Ela schnappte sich den flotten «Burst» beim Berber auf und dann ging es «nostalgisch» weiter. Der «Tünel» ist eine unterirdisch verlaufende Standseilbahn. Diese gilt mit ihrer Eröffnung im Jahr 1987 als die älteste dauernd bestehende Standseilbahn Europas, da die ältere «Budavári Siklóin» in Budapest zeitweilig ausser Betrieb war. Sie gilt nach der «Londoner Underground» als zweitälteste U-Bahn der Welt. Haltet euch fest. Die Bahn steigt in einer parabolischen Kurve 61.55m in die Höhe und die Fahrt der 606.5m dauert gerade mal 90 Sekunden. Eine U-Bahn ist sie nur in dem Sinne, dass sie unterirdisch geführt wird – die Antriebstechnik ist die einer reinen Standseilbahn und sie gilt als eine der kürzesten U-Bahnen der Welt. *jo was*– Die Fahrt war trotzdem ultra, retro cool.

«Sodelig» – und dann kommen wir noch zum nächsten Highlight. Muss man sich als «verfressen» bezeichnen, wenn man 4 km unter die Füsse nimmt, nur um «Midye Dolma» zu essen? Ela konnte ja auch nichts dafür, dass es die besten gefüllten Muscheln beim «Midyeci Ahmet» zu geniessen gibt. Er nennt sich im übrigen ganz bescheiden: Lord of Mussels!! Und zudem gab es ja noch einiges abzutrainieren. Das Dessert waren dann noch ein paar «leichte» Maronis und somit war die «to eat»-Liste runtergeschlemmt.


Weiterreise | 29. Juni 2021

Wie heisst es so schön: Erstens kommt es anders, und zweitens als man denkt!!

Eigentlich wären wir ja nach Washington D.C. geflogen.
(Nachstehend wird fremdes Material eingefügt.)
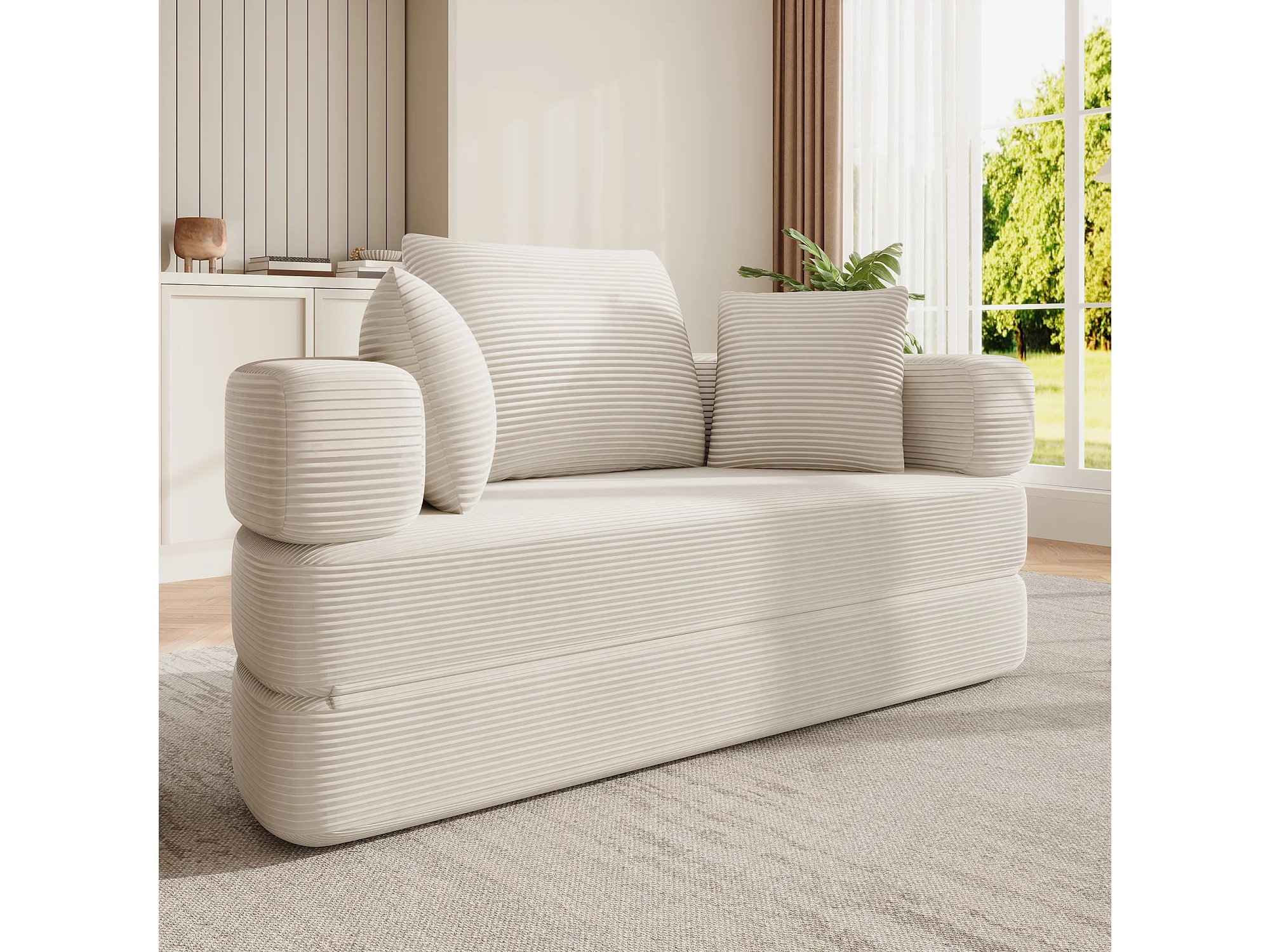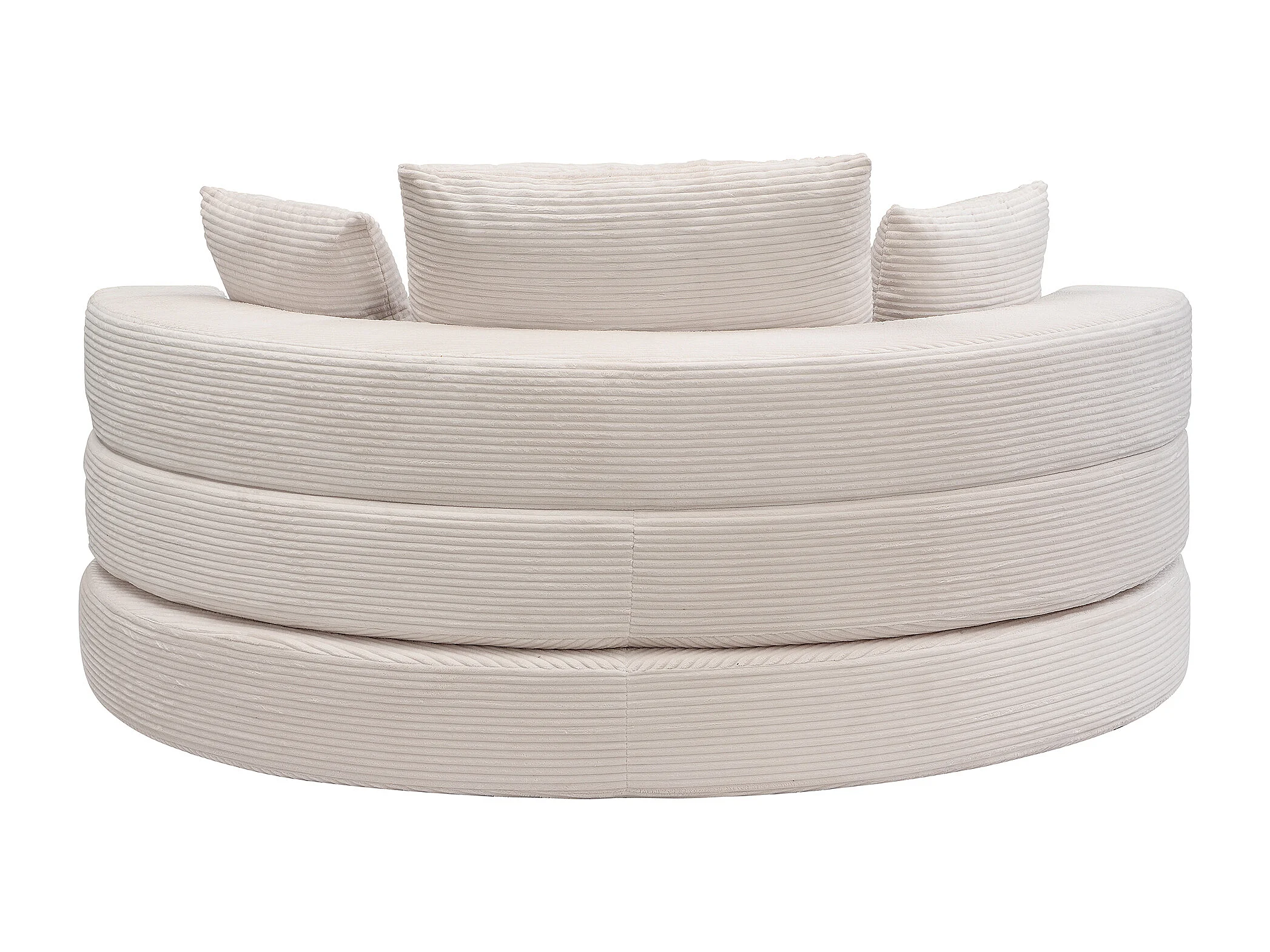 Canapé rond pliable 173x176x40cm - avec coussin - tissu en velours côtelé - beige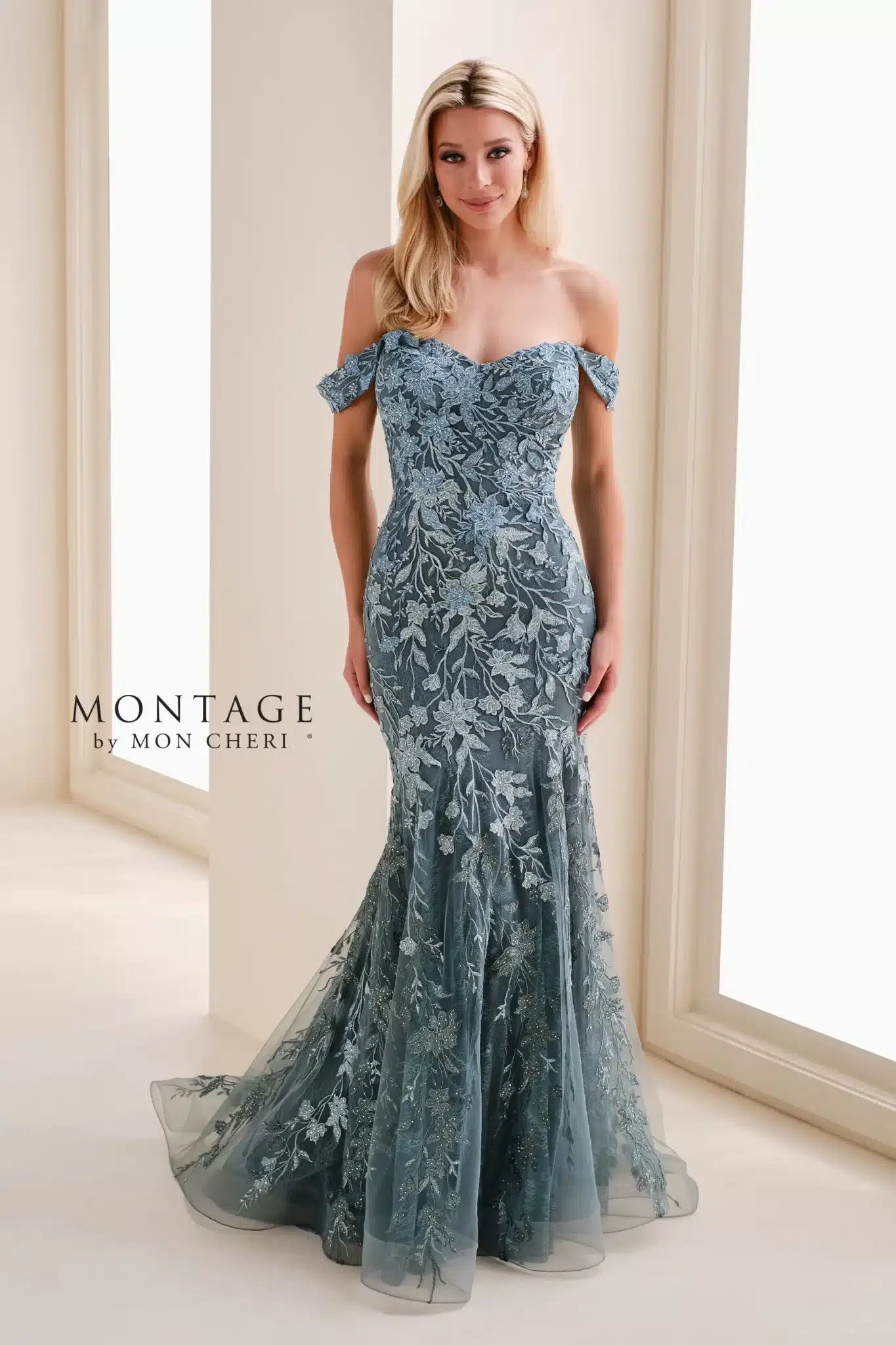 A romantic off-the-shoulder fit and flare gown adorned with intricate floral embroidery and delicate beadwork over tulle. Featuring a flattering sweetheart neckline, detachable off-the-shoulder straps, and a matching embellished tulle shawl for added elegance.

Die Betonung liegt auf dem «wären». Wir flogen via Istanbul nach Frankfurt am Main. Und dann ging das Theater los. Wir zwei in der Hauptrolle. Als wir in das Flugzeug nach Washington steigen wollte, wurde uns der Eintritt verwehrt, da wir deutschen Boden betreten haben. Für die USA gilt der Transitbereich als so richtig-richtig «betreten» und somit durften wir nicht mehr in die USA einreisen (Reisende, welche sich die letzten 14 Tagen im Schengen-Raum aufgehalten haben, dürfen auf Grund Covid-19 momentan nicht in die USA einreisen). Leider steht nirgends geschrieben, dass für die Amerikaner der Transitbereich auch als Schengen-Raum gilt und die Turkish Airlines hätte uns in Istanbul schon gar nicht ins Flugzeug steigen lassen dürfen. Unerwartet gelassen nahmen wir diese Info entgegen. Aber der «Nussgipfel» war dann – als Ela’s Gepäck am Frankfurter Flughafen nicht auf der Gepäckausgabe ankam. Nur der da oben weiss weshalb. Denn hier auf Erden war es niemand und keiner trägt die Verantwortung. Aber es kursierten, im Nachhinein, lustige Informationen. Von beschlagnahmt wegen einem hoch explodierenden Gerät bis über gefälschte Ware. Ja vielleicht war der Sony-Lautsprecher neben dem gemahlenen türkischen Kaffee zu viel «Sprengstoff». Die Lage wurde jedoch nach dem Besuch bei der Deutschen Bundespolizei entschärft – sie hatten nie eine Meldung. Puh. Der Rucksack blieb verschwunden, dafür Ela geladen. Nach drei Tagen «Ping-Pong» zwischen der United Airlines und der Turkish Airlines waren wir gezwungen, alles neu zu besorgen. «Help yourself». Ja die ersten beiden Juli-Tage fallen definitiv unter die Kategorie «Kampf-Shoppen». Es bleibt spannend, ob der winzige Rucksack mit einem Fliegengewicht von knapp 22 Kilo irgendwo in einer Ecke zum Vorschein kommt.

Jedenfalls haben wir nun unser Programm umgestellt und sind ganz Öko mit der Bahn unterwegs. Wir «krömleten» uns ein Interrail Ticket und machen nun Europa für die nächsten drei Monate bequem per Zug unsicher. Erstes Ziel: Berlin. Uns wird ganz bestimmt nicht langweilig – so viel steht fest. In dem Sinne…

«Güle güle» – und nein, das heisst nicht das, was ihr jetzt denkt – so einfach ist es dann doch nicht. Auf wiedersehen ihr Lieben, geniesst den Sommer.

Dröööckerlis
Ela & Seebi

Ein Kommentar zu “Istanbul – 1001 Baklava

  1. Na ihr zwei?

    Mit Verlust müsst ihr immer wieder mal rechnen, meistens bleibt es aber bei dem einen Mal. In Istanbul war ich schon zweimal. Die verschiedenen Welten in einer ganzen Stadt verpackt sind eindrücklich und auch kleine Memorys für mich. Im Herbst 2019 war ich zum letzten Mal Dort. Vielen Dank für den schönen Beitrag auch von Peter.

    Wir wünschen euch viele kleine und grosse Abenteuer auf dem Europatrip und auf bald wieder.